Diya Burman

Posted on Jun 10 • Edited on Jun 14 • Originally published at level5engineer.substack.com

The AI Built the Wrong Thing. Every Test Passed.

#ai #softwareengineering #agents #testing

A Level 5 Engineer — Issue #5

Preface

I want to be upfront about something before we get into it. None of the frameworks in this article is mine. The ideas here come from two people who have been thinking about this stuff way harder and longer than I have — and they deserve full credit before I say another word.

Dan Shapiro — CEO of Glowforge, Wharton Research Fellow, and the person who gave this whole conversation a vocabulary. His blog post “The Five Levels: from Spicy Autocomplete to the Dark Factory” is the conceptual spine of everything I’m about to say. Read the original. It’s short, sharp, and will make you uncomfortable in the best way. danshapiro.com

Nate B. Jones — AI strategist, zero-hype practitioner, and the person whose YouTube channel made me realize I had been fooling myself about where I actually sat on this ladder. His video “The 5 Levels of AI Coding (Why Most of You Won’t Make It Past Level 2)” is what triggered this entire newsletter. natebjones.com — Watch the video

This newsletter — The Level 5 Engineer — is my public learning log. I’m a Senior Software Engineer and a Tech Lead, currently somewhere between Level 2 and Level 3 (in context of the title of this newsletter) on a good day. The goal is Level 5. I’m documenting the climb in real time — the frameworks, the tools, the mindset shifts, and the moments where I realize I’ve been doing it wrong. If you’re on a similar journey, pull up a chair.

Every issue so far has assumed something I haven't said out loud: that the specs are good. Issue #2 wrote them carefully. Issue #3 handed them to an agent and watched it build correctly. Issue #4 proved the contracts survive provider drift.

But what happens when the spec isn't good? Not broken — Gherkin syntax is fine, tests pass, the agent builds something. Just imprecise. Vague in ways that feel precise when you're writing them.

This issue answers that question by doing the thing deliberately. I wrote bad Gherkin on purpose, handed it to the agent, watched what it built — and then rewrote the spec and did it again. The difference between the two implementations is the article.

The hardest thing about bad specs

Bad specs are hard to spot when you're writing them because they feel complete.

A scenario that references implementation details sounds like reasonable description — you wrote the implementation, so the details feel like specifics. A Given clause that feels obvious to you will be interpreted differently by every reader who hasn't seen the code. The Gherkin is syntactically correct. The tests pass. Nothing in the output signals that anything is wrong.

This is the trap. It's not that bad specs break things. It's that they don't.

The endpoint

I added a new endpoint to the order-api project: GET /orders/{order_id}/status. It returns the current status of an order and relevant metadata. Simple enough that the spec should be easy to write well. Which makes it a good target for writing it badly on purpose.

The bad specs

Two scenarios. Both syntactically valid. Both produce passing tests. Both wrong in different ways.

# BAD SPEC 1 — The leaky spec
# Problem: references internal implementation concepts (db_status, order_created_at)
# rather than describing what a caller observes.
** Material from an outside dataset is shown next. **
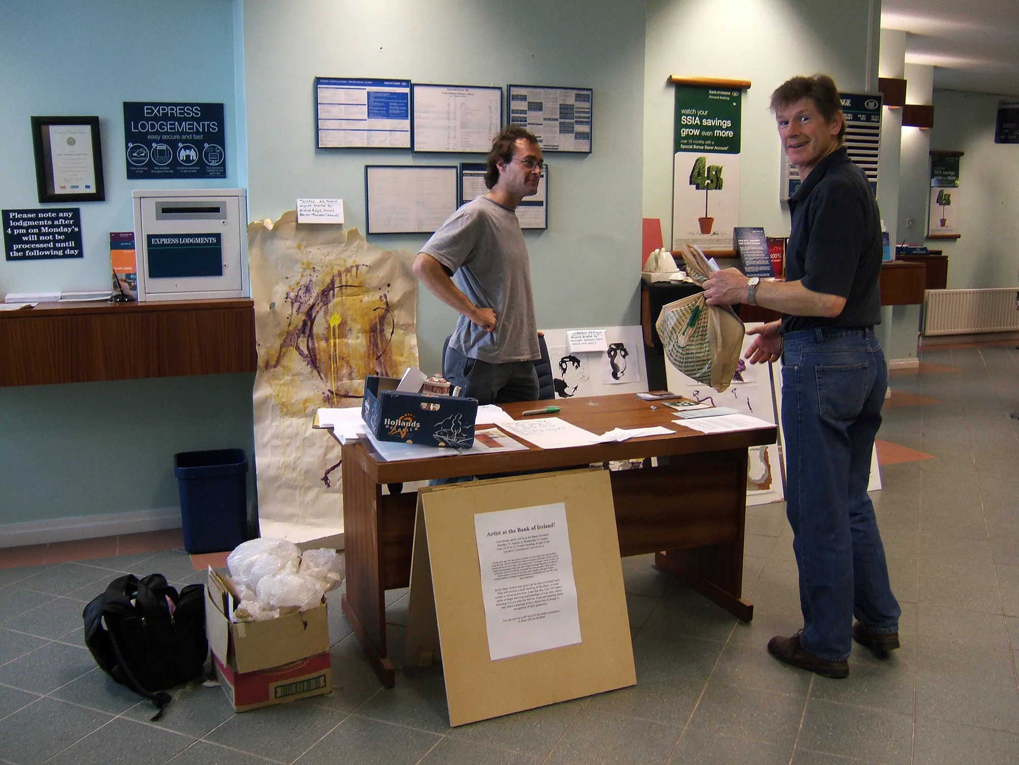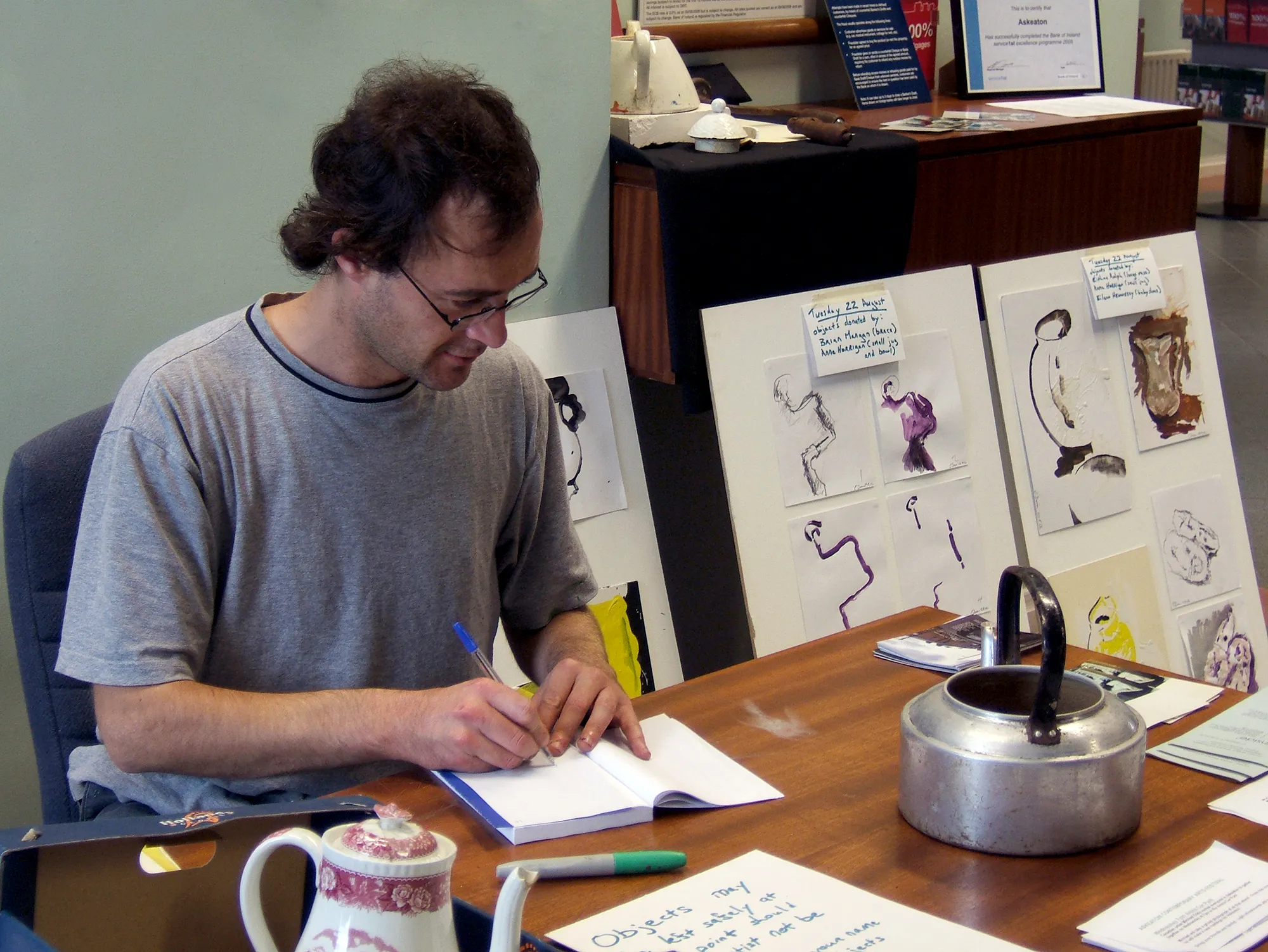 Working from a makeshift desk in the foyer of the local Bank of Ireland, the artist offered a ‘sketch and draw’ service to the public. Following conversations on the street and some initial advertising, many local people brought in broken objects from around their houses, which were then lent to the artist for a week, in the manner of a short term deposit. At the end of the project, donors received their objects back along with a complimentary drawing of the object, which acted as a kind of accumulated interest for their involvement.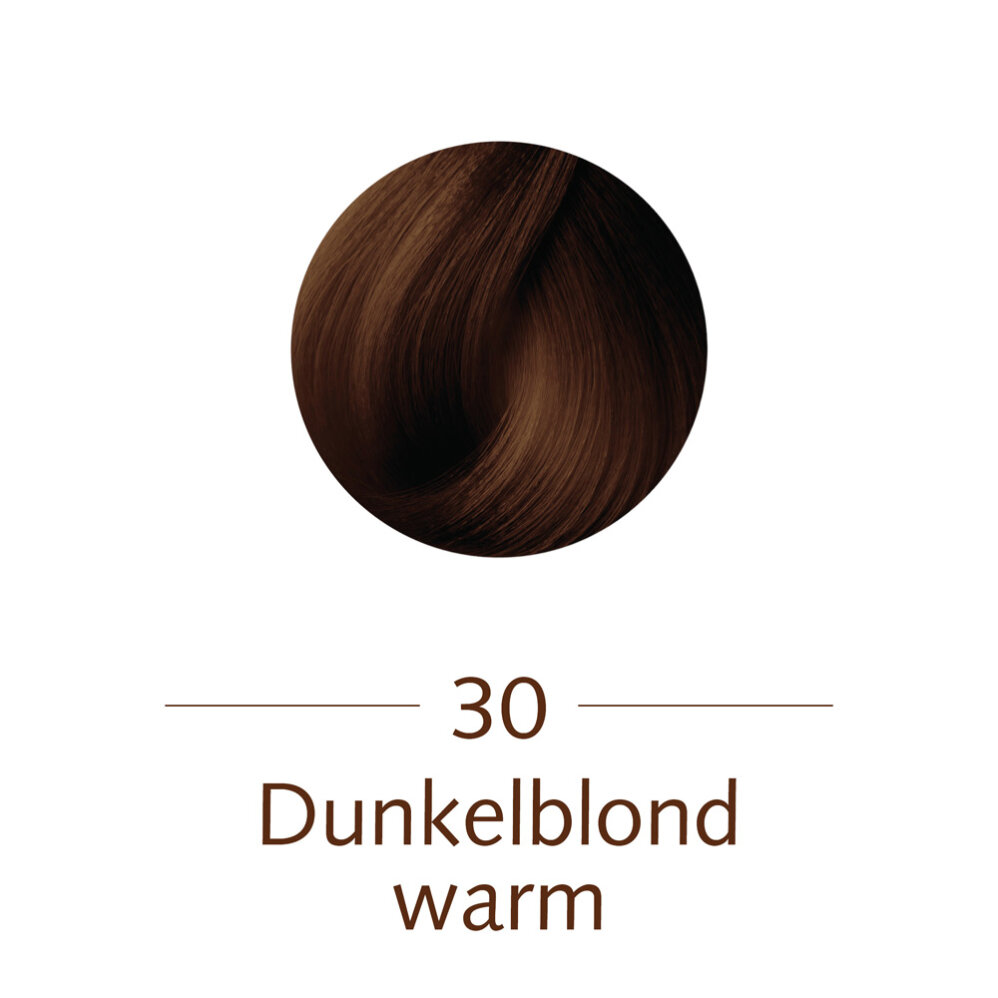 Farbpaste (Tube) 30 Dunkelblond Warm:, Aqua, Cetearyl Alcohol, Ethanolamine, Polysorbate 80, Ceteareth-30, Sodium Lauryl Sulfate, Isopropyl Stearate, Propylene Glycol, Tetrasodium EDTA, Parfum, Ascorbic Acid, Sodium Hydrosulfite, Panicum Miliaceum Extract, Biotin, Calcium Pantothenate, Olea Europaea Leaf Extract, Vitis Vinifera Leaf Extract, Betula Alba Bark Extract, Urtica Dioica Leaf/Stem Juice, Limonene, Benzyl Alcohol, Benzyl Salicylate, Amyl Cinnamal, p-Phenylenediamine, 2-Methylresorcinol, p-Aminophenol, m-Aminophenol, 4-Chlororesorcinol Fixiermittel (Flasche):, Aqua, Hydrogen Peroxide, Stearyl Alcohol, Cetearyl Ethylhexanoate, Ceteareth-50, Phosphoric Acid, Phenoxyethanol, Tetrasodium EDTA, Sodium Gluceptate, Disodium Pyrophosphate Revitalisierungsbalsam:, Aqua, Cetearyl Alcohol, Cetrimonium Chloride, Panicum Miliaceum Extract, Laurdimonium Hydroxypropyl Hydrolyzed Wheat Protein, Isopropyl Stearate, Calcium Pantothenate, Biotin, Citric Acid, Parfum, Phenoxyethanol, Benzyl Alcohol, Isoeugenol, Geraniol, Limonene, Benzyl Salicylate, Eugenol, Hydroxycitronellal, Linalool, Alpha-Isomethyl Ionone

The agent uses these names literally
# in the response body, leaking storage terminology into the public API contract.

Scenario: Retrieving status for a confirmed order
  Given an order exists in the system with db_status "CONFIRMED"
  When I request GET /orders/{order_id}/status
  Then the response should contain the db_status field set to "CONFIRMED"
  And the order_created_at field should be populated from the order record

# BAD SPEC 2 — The vague Given
# Problem: "an order that has not been placed" is underspecified. The agent must
# guess what this means — a malformed ID? A well-formed UUID with no record?
# A deleted order? Each interpretation is plausible and produces different behavior.

Scenario: Retrieving status for an order that does not exist
  Given an order that has not been placed
  When I request GET /orders/{order_id}/status
  Then the response should indicate the order was not found

Both passed immediately:

tests/steps/test_order_status_bad.py::test_retrieving_status_for_a_confirmed_order PASSED
tests/steps/test_order_status_bad.py::test_retrieving_status_for_an_order_that_does_not_exist PASSED

2 passed in 0.34s

Green. No warnings. No hint that anything is wrong.
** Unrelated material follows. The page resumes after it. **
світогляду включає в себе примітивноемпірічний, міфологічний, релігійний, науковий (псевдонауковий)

What the agent built from the bad specs

Here's the implementation the agent produced:

@app.get("/orders/{order_id}/status")
def get_order_status(order_id: str):
    order = _orders.get(order_id)
    if order is None:
        raise HTTPException(status_code=404, detail="Order not found")
    return {
        "order_id": order_id,
        "db_status": order["db_status"],
        "order_created_at": order["order_created_at"],
    }

It satisfies the spec completely. It also made four decisions the spec never made:

Decision 1: The field is named db_status in the response.
The spec said db_status so the agent used db_status. It never questioned whether this was an internal name leaking into a public API. It satisfied the spec literally.
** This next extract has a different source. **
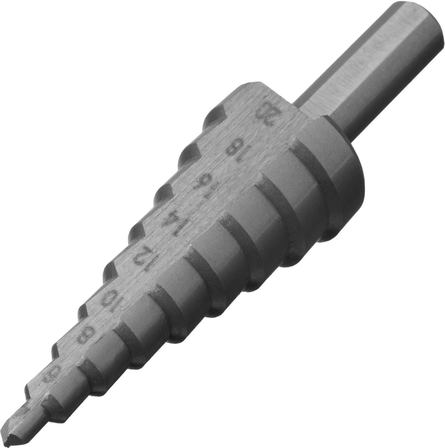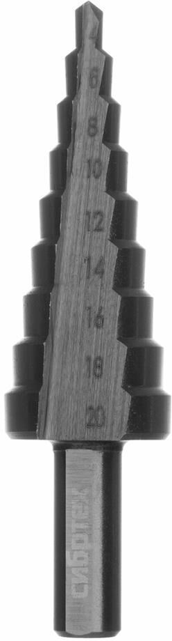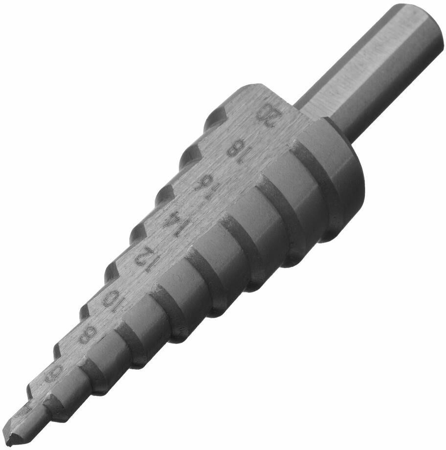 Ступенчатое сверло Сибртех 723012 предназначено для сверления отверстий диаметром от 4 до 20 мм в сталях, цветных металлах и пластике. Избавляет от необходимости иметь при себе целый набор традиционных сверл. Позволяет получать отверстия с ровными краями и уже снятой фаской под гайку или болт. Сверло пригодится дома и в мастерской.

Decision 2: A missing order returns 404.
The spec says "indicate the order was not found." 404 is a defensible interpretation. So is 422, 403, or a 200 with a NOT_FOUND status field. The agent picked the most conventional option — but the spec never mandated it, and FastAPI's default 404 body is {"detail": "Order not found"}, not {"error": "Order not found"}. A client checking response.json()["error"] gets a KeyError.

Decision 3: The timestamp field is named order_created_at with no format requirement.
The spec says "populated from the order record." The agent chose order_created_at and returned an ISO string because that's what datetime.utcnow().isoformat() produces. The step definition checked only that the field is non-empty and a string — so any format would have passed. A Unix timestamp integer would have passed. A human-readable string like "June 2nd" would have passed.

Decision 4: The order store is in-memory.
The spec says nothing about persistence. An in-memory dict is the simplest thing that makes the tests pass. In production, orders are persisted. The in-memory store vanishes on restart and isn't shared across worker processes.

Every one of these decisions is plausible. The agent made the reasonable call every time. That's not the problem. The problem is that a different agent, given the same spec, might have made different reasonable calls — and both implementations would pass the same test suite.

The rewrite

Writing the good spec forced every decision the bad spec had silently delegated:

# GOOD SPEC 1 — Caller's perspective, not implementation's
# Fixed: field names describe what the caller observes (status, placed_at)
# not what the storage layer calls them (db_status, order_created_at).
# The format of placed_at is now a contract obligation, not an assumption.

Scenario: Confirmed order status is returned with placement timestamp
  Given a confirmed order with id "order-abc-123" exists in the system
  When I request GET /orders/order-abc-123/status
  Then the response status code is 200
  And the response body contains "order_id" equal to "order-abc-123"
  And the response body contains "status" equal to "CONFIRMED"
  And the response body contains "placed_at" as a valid ISO 8601 timestamp

# GOOD SPEC 2 — Precise Given, explicit 404 body shape
# Fixed: "a well-formed UUID with no corresponding record" is now unambiguous.
# The 404 response body shape is now a contract obligation, not a guess.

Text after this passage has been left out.